2.10.2 RC1 EL7.4 zfs
MDS crash

[13488.166260] Lustre: DEBUG MARKER: dmesg
[13488.563678] Lustre: DEBUG MARKER: /usr/sbin/lctl mark == parallel-scale-nfsv4 test metabench: metabench ==================================================== 09:11:38 \(1511946698\)
[13488.724793] Lustre: DEBUG MARKER: == parallel-scale-nfsv4 test metabench: metabench ==================================================== 09:11:38 (1511946698)
[13641.720773] LustreError: 1187:0:(lod_qos.c:1624:lod_alloc_qos()) ASSERTION( nfound <= inuse->op_count ) failed: nfound:3, op_count:0
[13641.721991] LustreError: 1187:0:(lod_qos.c:1624:lod_alloc_qos()) LBUG
[13641.722604] Pid: 1187, comm: mdt00_011
[13641.722980] 
[13641.722980] Call Trace:
[13641.723386]  [<ffffffffc05c27ae>] libcfs_call_trace+0x4e/0x60 [libcfs]
[13641.724029]  [<ffffffffc05c283c>] lbug_with_loc+0x4c/0xb0 [libcfs]
[13641.724636]  [<ffffffffc125c342>] lod_alloc_qos.constprop.17+0x1582/0x1590 [lod]
[13641.725507]  [<ffffffffc125efe1>] lod_qos_prep_create+0x1291/0x17f0 [lod]
[13641.726161]  [<ffffffffc062c4b6>] ? nvlist_lookup_byte_array+0x26/0x30 [znvpair]
[13641.726921]  [<ffffffffc0fd1cc9>] ? __osd_xattr_get+0xa9/0x210 [osd_zfs]
[13641.727558]  [<ffffffffc0fd0007>] ? osd_fid_lookup+0x47/0x3a0 [osd_zfs]

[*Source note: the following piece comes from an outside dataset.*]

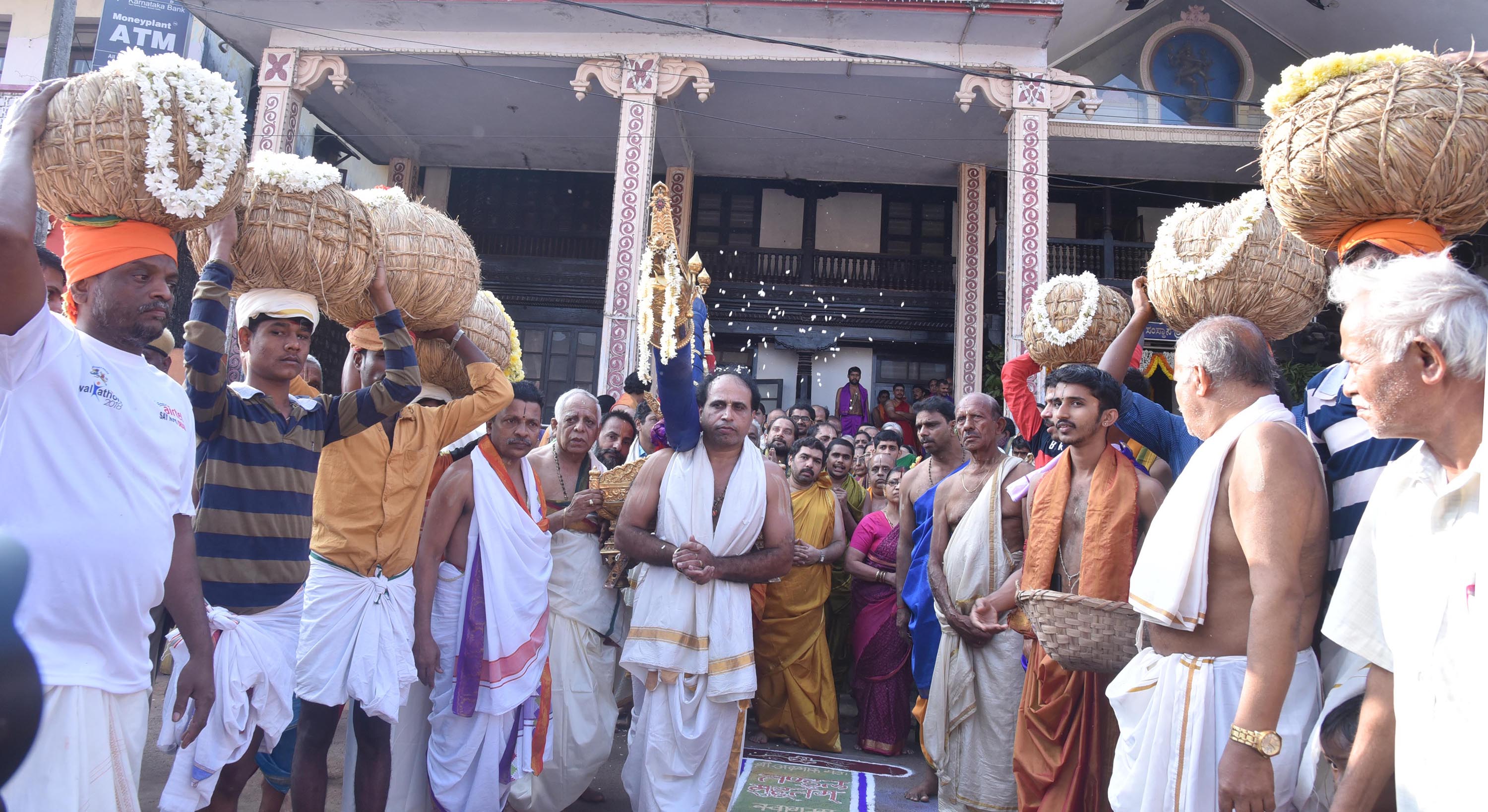 ಅನಂತರ ಮಠದ ದಿವಾನರ ನೇತೃತ್ವದಲ್ಲಿ ಊರಿನ ಗಣ್ಯರು, ಮಠದ ಅಭಿಮಾನಿಗಳು ಸಕಲ ಬಿರುದು ಬಾವಲಿಗಳೊಂದಿಗೆ ಮೆರವಣಿಗೆಯಲ್ಲಿ ತೆರಳಿ ಚಂದ್ರವೌಳೀಶ್ವರ, ಶ್ರೀಅನಂತೇಶ್ವರ ದೇವರಿಗೆ ಪಾರ್ಥಿಸಿ, ಬಳಿಕ ಶ್ರೀಕೃಷ್ಣ ಮಠದಲ್ಲಿ ಶ್ರೀಕೃಷ್ಣ ಮತ್ತು ಮುಖ್ಯಪ್ರಾಣರಿಗೆ, ಸರ್ವಜ್ಞ ಪೀಠದಲ್ಲಿರುವ ಶ್ರೀಮಧ್ವಾಚಾರ್ಯರಿಗೆ ಪಾರ್ಥಿಸಲಾಯಿತು.

[13641.728196]  [<ffffffffc125fab8>] lod_prepare_create+0x298/0x3f0 [lod]
[13641.728900]  [<ffffffffc125463e>] lod_declare_striped_create+0x1ee/0x970 [lod]

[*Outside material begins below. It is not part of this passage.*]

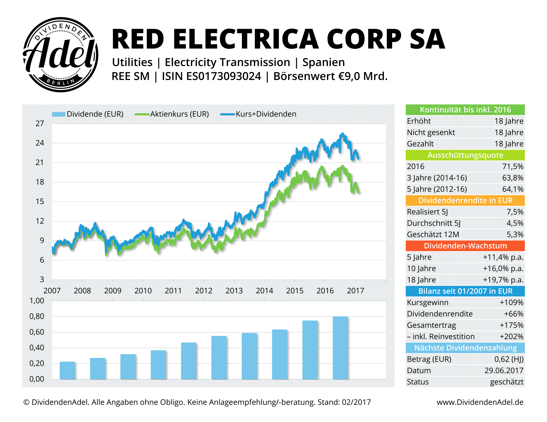 Red Electrica mit 18 Dividenden-Anhebungen in Serie

[13641.729620]  [<ffffffffc077dbc5>] ? sa_object_size+0x15/0x20 [zfs]
[13641.730220]  [<ffffffffc12583d1>] lod_declare_xattr_set+0x221/0xe40 [lod]
[13641.730953]  [<ffffffffc12b2d97>] mdd_create_data+0x487/0x720 [mdd]
[13641.731568]  [<ffffffffc1186f8a>] mdt_mfd_open+0xc5a/0xe70 [mdt]
[13641.732152]  [<ffffffffc118771b>] mdt_finish_open+0x57b/0x690 [mdt]
[13641.732832]  [<ffffffffc1188fcc>] mdt_reint_open+0x179c/0x31a0 [mdt]
[13641.733464]  [<ffffffffc0bbb717>] ? upcall_cache_get_entry+0x3f7/0x8f0 [obdclass]
[13641.734187]  [<ffffffffc0bc042e>] ? lu_ucred+0x1e/0x30 [obdclass]
[13641.734853]  [<ffffffffc116e925>] ? mdt_ucred+0x15/0x20 [mdt]
[13641.735398]  [<ffffffffc116f1f1>] ? mdt_root_squash+0x21/0x430 [mdt]
[13641.736035]  [<ffffffffc117e8a0>] mdt_reint_rec+0x80/0x210 [mdt]
[13641.736676]  [<ffffffffc116030b>] mdt_reint_internal+0x5fb/0x9c0 [mdt]
[13641.737313]  [<ffffffffc1160832>] mdt_intent_reint+0x162/0x430 [mdt]
[13641.737993]  [<ffffffffc116b59e>] mdt_intent_policy+0x43e/0xc70 [mdt]
[13641.738644]  [<ffffffffc0d312b7>] ldlm_lock_enqueue+0x387/0x970 [ptlrpc]
[13641.739318]  [<ffffffffc0d5ad03>] ldlm_handle_enqueue0+0x9c3/0x1680 [ptlrpc]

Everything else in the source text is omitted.